I regard everything as loss because of the surpassing value of knowing Christ Jesus my Lord.
I was the perfect definition of a “Sunday Catholic“. I did the bare minimum required of me, nothing more, and nothing less. I attended Sunday mass; prayed occasionally and lived according to what I felt was the right way. Jesus was just someone whom I prayed to, that too only when I needed something.
I used to hold a lot of grudges and found it difficult to forgive people. I wasn’t the most responsible person around and I struggled to make even a small commitment. I was also blind to a lot of my sins and failings.
All this changed when I joined the Christian Life Seminar (CLS) in September 2015 in the Porvorim chapter. It was one of the best decisions I ever made. I found that I was able to commit to attending almost all the sessions. It was probably the first time in my life that I had committed to something and kept up to it.

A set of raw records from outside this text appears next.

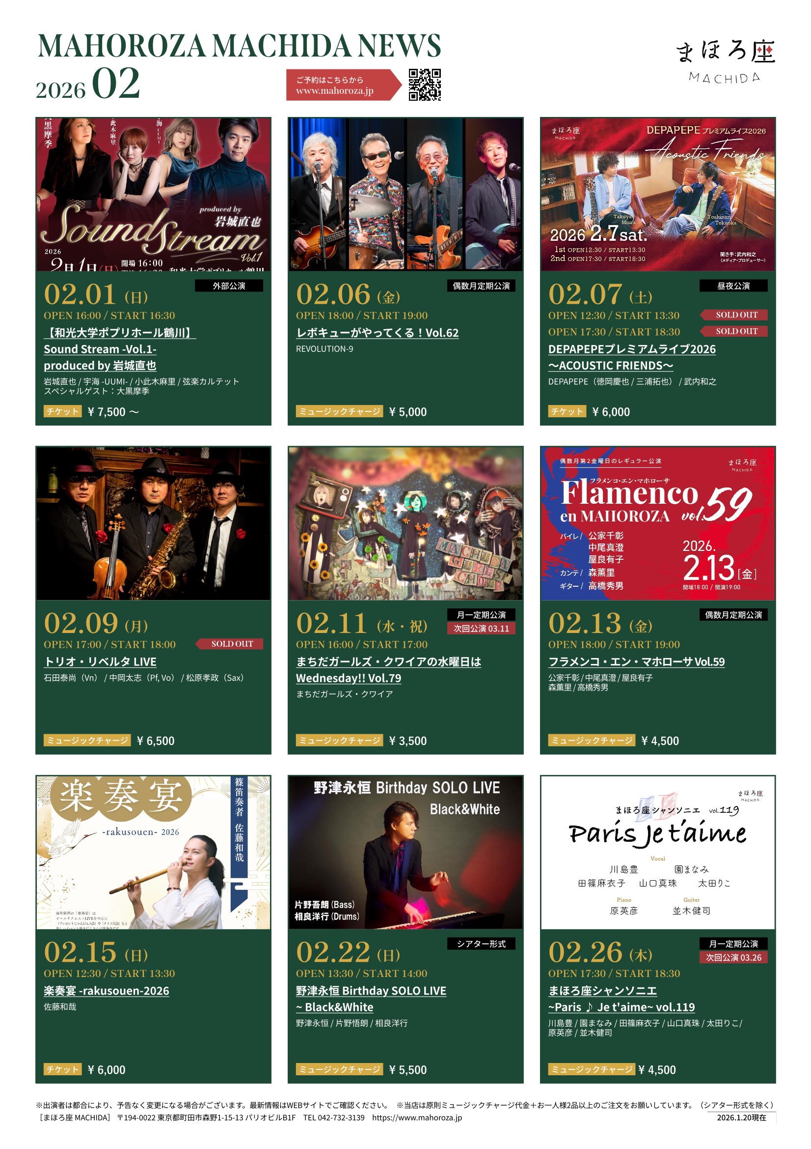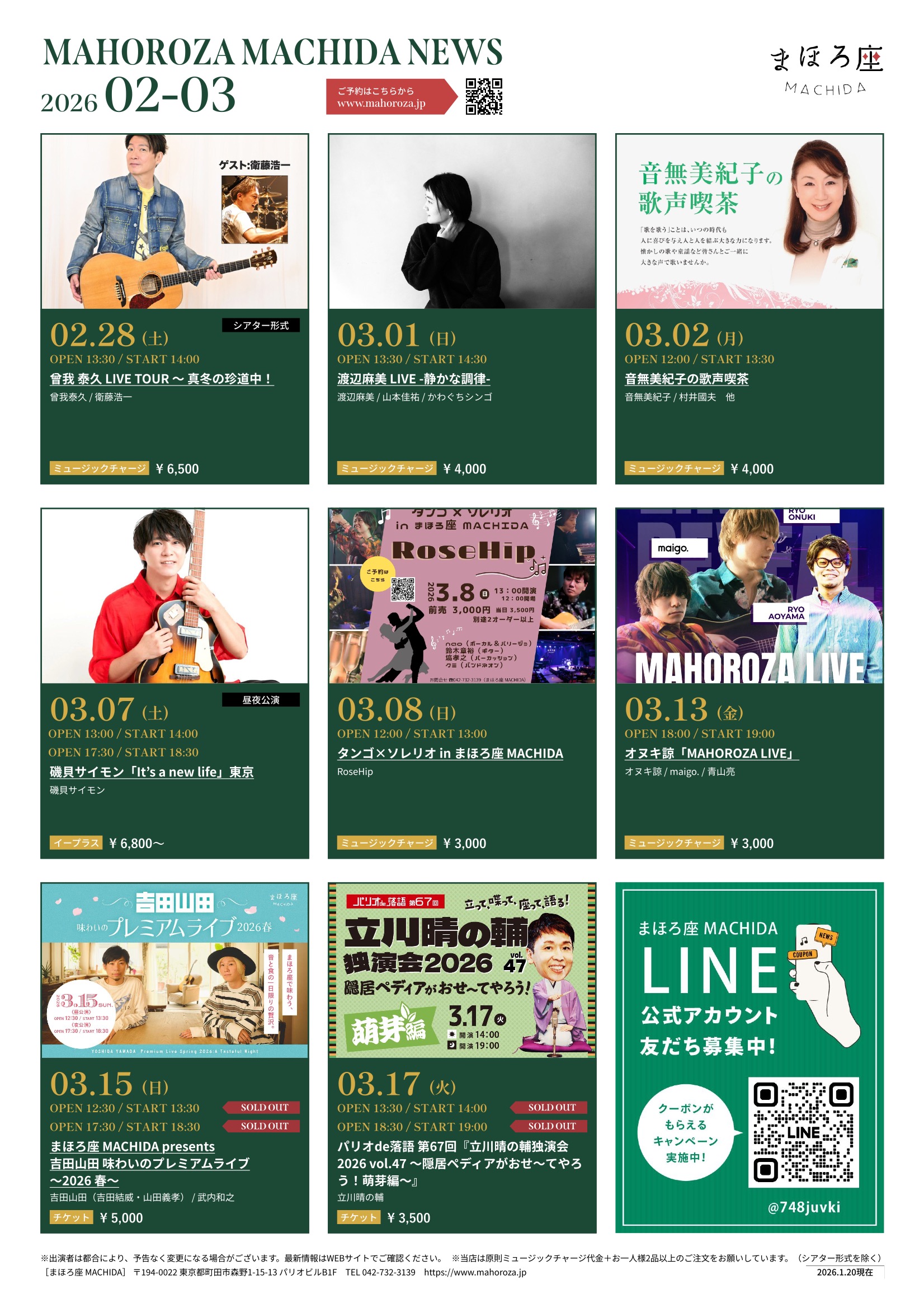 2026年2月のまほろ座 MACHIDAの公演スケジュールを公開しました。
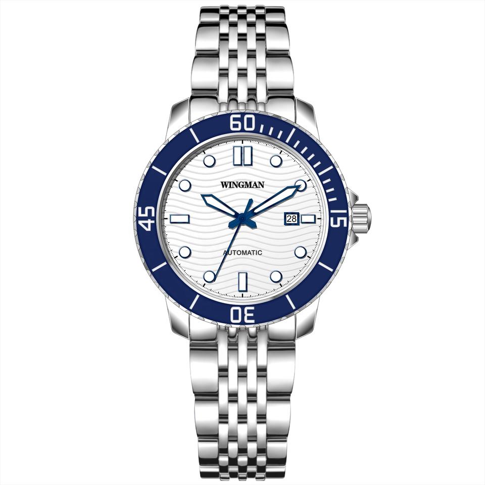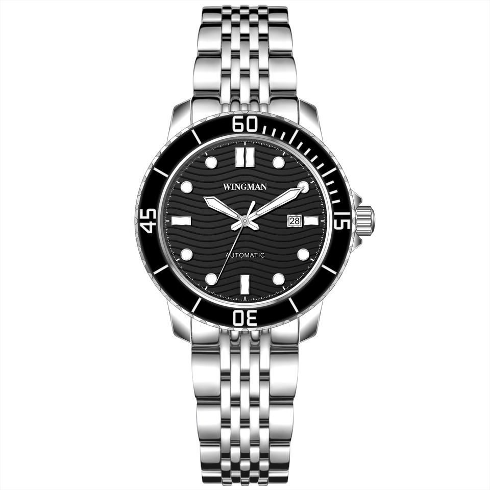 WINGMAN บุรุษสแตนเลสมิโยตะ ระบบอัตโนมัติ แฟชั่นธุรกิจ โลโก้ แบรนด์ญี่ปุ่น 2020 นาฬิกากันน้ำ สายขนาด 20 มม.
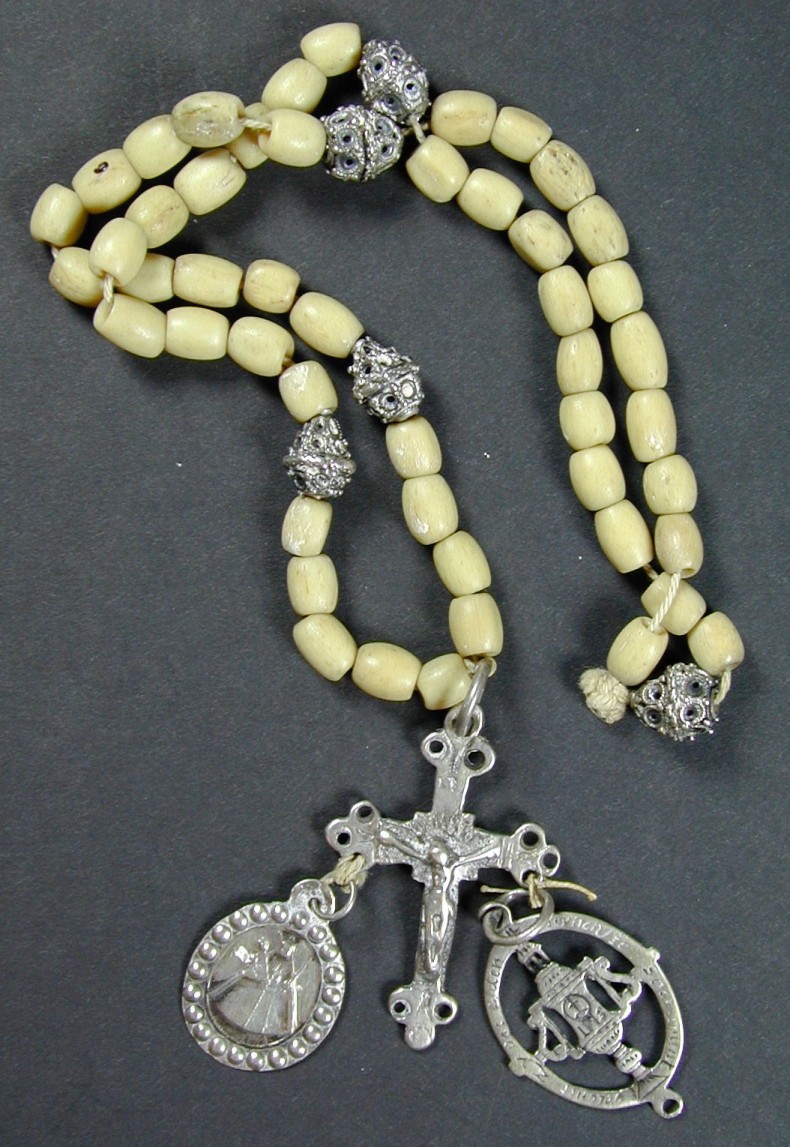 Rozenkrans van zilver en been, met zilveren kruisje en twee medaillons
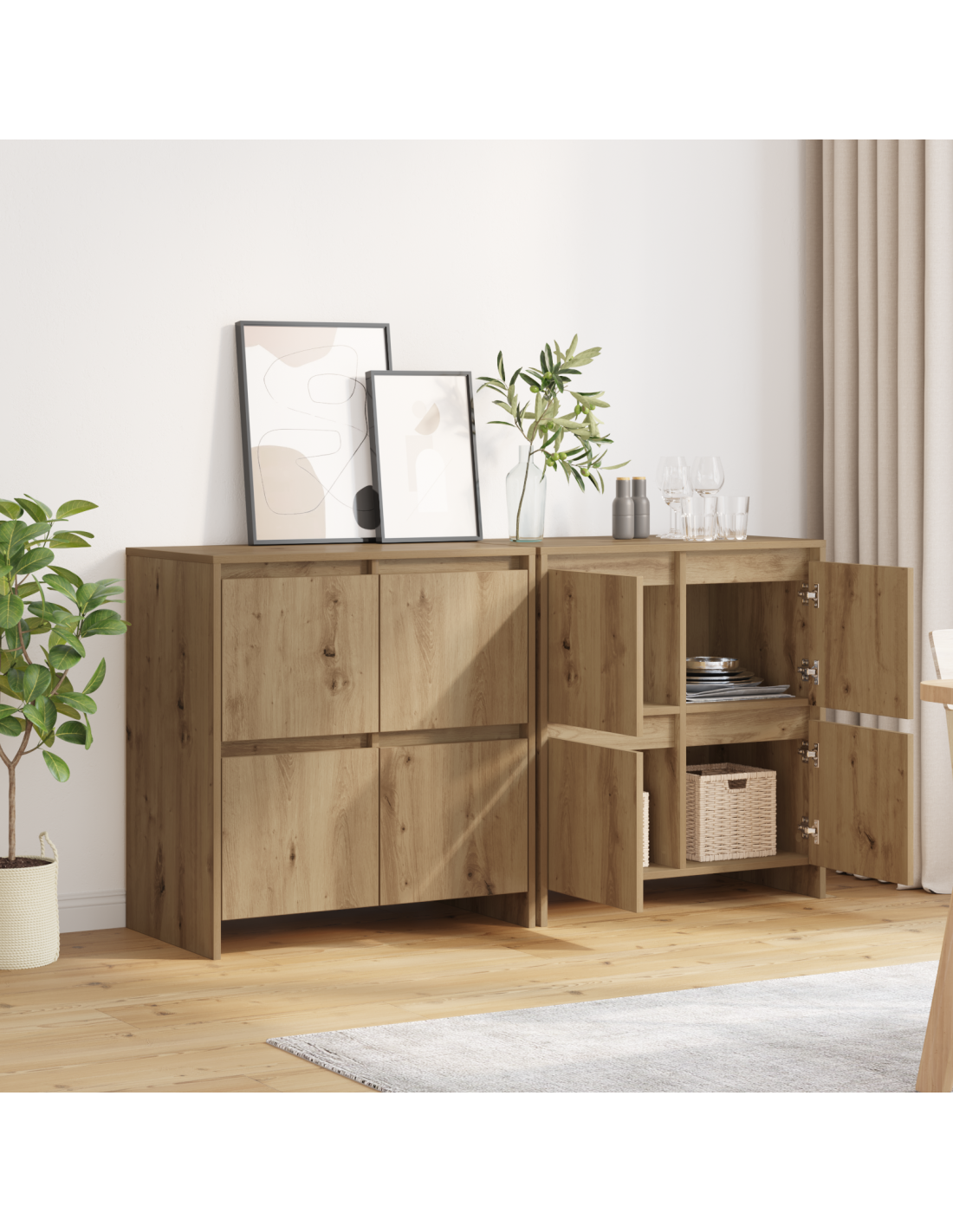 Questo armadio moderno e smart è un ottimo modo per mettere in ordine il tuo spazio, migliorando l'aspetto del tuo ambiente. Con la sua superficie liscia e la forma rettangolare, ha linee pulite che gridano eleganza, rendendolo un'aggiunta perfetta a qualsiasi stanza. Che ti serva per le stoviglie in sala da pranzo o per i libri in soggiorno, unisce funzionalità e stile, offrendoti tanto spazio di archiviazione in un pacchetto elegante. Il design minimalista e il robusto legno ingegnerizzato lo rendono ideale per una cenetta in famiglia o per l'organizzazione quotidiana.
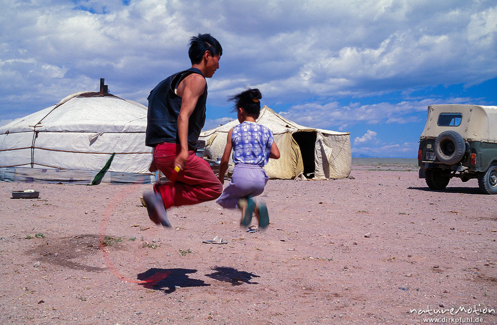 Kinder beim Seilspringen, Wüste Gobi, Mongolei ...

As time passed by, I witnessed numerous changes in my life. I have now become more forgiving, loving, accountable and responsible. I have become more aware of my sins and now the sacrament of confession has a deeper meaning for me. Prior to the CLS, prayer time just meant family rosary or mumbling a few prayers; but now I have a ‘personal prayer time’ where I spend time talking to Jesus whilst praising and thanking Him for all the blessings in my life. I also am able to recite my personal rosary often and this has helped me ward off a lot of temptations.
The best part of this journey, which has only just begun is that, I now look at Jesus as so much more. He is my best friend, my guide, my counsellor, my everything.